ROCKPORT — Maine lobster dealers are among a group of U.S. seafood exporters asking federal authorities to keep its industry out of the brewing U.S-China trade war, arguing that putting a tariff on Chinese seafood would likely result in painful retaliation against U.S. exports.

Such retaliation would hurt Alaskan fishermen and Maine lobstermen most, industry leaders say.

“Not only because China is a crucial current and future market for U.S. fish, but also because there is no ready substitute for the China market,” said John Connelly, president of the National Fisheries Institute, in testimony to the U.S. trade representative.

Connelly was one of a half-dozen seafood industry leaders to oppose a recent proposal from six shrimp-producing states to levy a tariff on Chinese shrimp imports. They claimed it was unfair to drag seafood into a trade battle that began over intellectual property rights.

Most importantly, they worry about the impact of retaliatory seafood tariffs, especially for lobster.

In 2017, U.S. lobster exports to China were worth more than $90.2 million and rising, Annie Tselikis, executive director of the Maine Lobster Dealers Association, said in written testimony. That’s 125 times bigger than it was just a decade earlier, she said.

In 2017, China imported 17.8 million pounds of U.S. lobster, an amount that has gone up about 20 percent every year since 2010. China’s middle class, which is 300 million strong, see lobster as a celebratory food that represents their rising fortunes and wealth.

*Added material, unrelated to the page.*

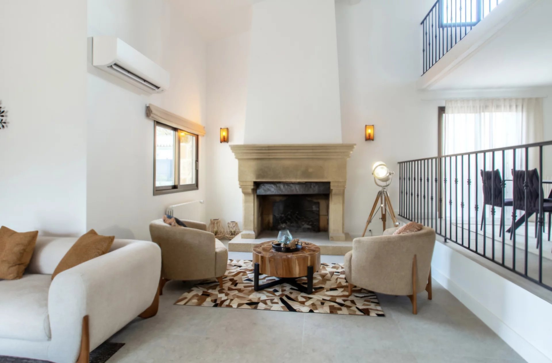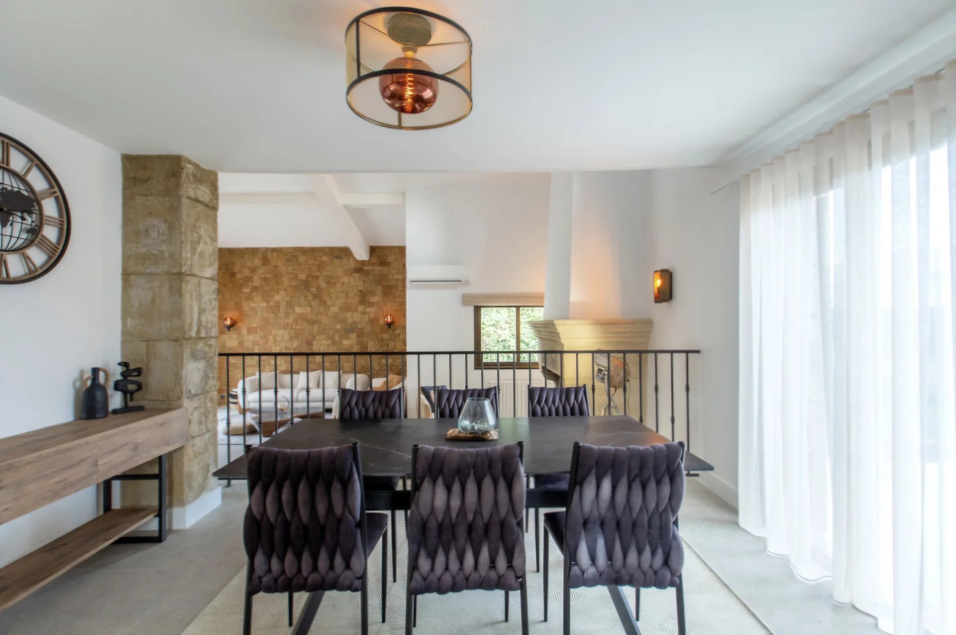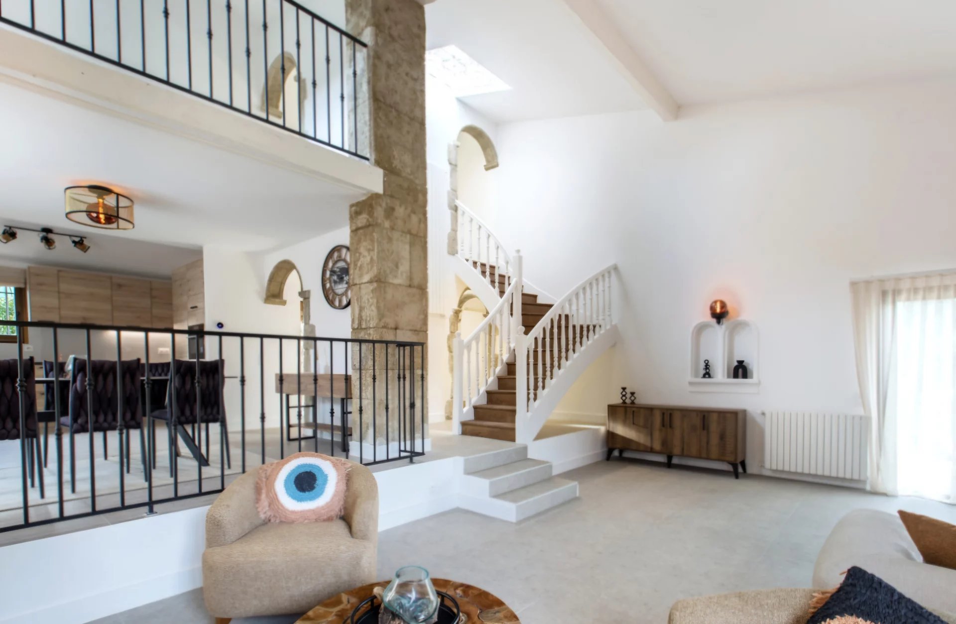 Une élégante entrée ouvrant sur un vaste séjour cathédrale doté d’une cheminée.

In 2017, China’s appetite for U.S. lobster helped offset declines in European imports, which fell off in part because of a trade deal between Canada and European Union countries that put the Maine lobster at a tariff differential with Canadian lobster.

The growth of the Chinese market has supported the creation of thousands of new industry jobs in Maine, Tselikis said. She estimates the industry employs a total of 14,000 people in Maine, in direct fishing jobs as well as support and distribution roles.

The industry, which averages $500 million a year in direct boat sales and another $1 billion from the larger supply chain, has spent hundreds of thousands of dollars developing the Asia market, especially China, to offset tariff disadvantages suffered in other markets, Tselikis said.

“(We) are beginning to run out of options as to where we may market and promote our products around the world,” Tselikis said in May 11 testimony. “We cannot suffer a blow to the Chinese lobster market, too.”

Other U.S. seafood exporters agreed, saying fishermen from Russia, Canada, Iceland, Thailand, Norway, Vietnam and Chile, among others, are just waiting to “elbow out” American competitors from the Chinese market if seafood tariffs are levied.

“Market access, particularly in a country like China, takes years to secure,” Chad See of Freezer Longline, which represents hook-and-line fishing vessels that fish in federal waters near Alaska, wrote in his testimony. “Once it is lost, it takes many more years to get back, meaning that trade actions today will have long-lasting effects on the U.S. seafood industry.”

Tselikis and other Maine exporters who gathered Friday in Rockport for a panel discussion about trade with Asia as part of the Maine International Trade Center’s International Trade Day, say they are hopeful that U.S.-China trade talks will resolve some of the tensions.

Already, the trade war seems to be evolving into something more akin to negotiations, they say.

Treasury Secretary Steven Mnuchin said Sunday that the Trump administration is putting its trade war with China “on hold” after two days of talks in Washington that produced agreement on increased Chinese purchases of American products and measures to make it easier for U.S. companies to operate in China, The Washington Post reported.

Adam Kennedy, who has more than doubled Portland-based Kepware Technologies’ international sales during his six years there, said he is watching the news carefully, but echoed the comments of MITC’s Wade Merritt when he said that he’s more watchful than worried.

Brian McNamara, the president of Southworth International Group of Falmouth, a manufacturer of industrial ergonomic handling equipment, said he feels like proposed steel tariffs have put a bull’s-eye on his company, driving prices abroad and at home up 25 to 50 percent.

It’s so bad that he may have to buy steel from Sweden, where Southworth has a subsidiary.

But the panelists agreed that if Maine companies have the right product, the capacity for growth, and the persistence, including a willingness to hire translators and invest in building diplomatic and corporate relationships, Asia and even China are still a good market bet.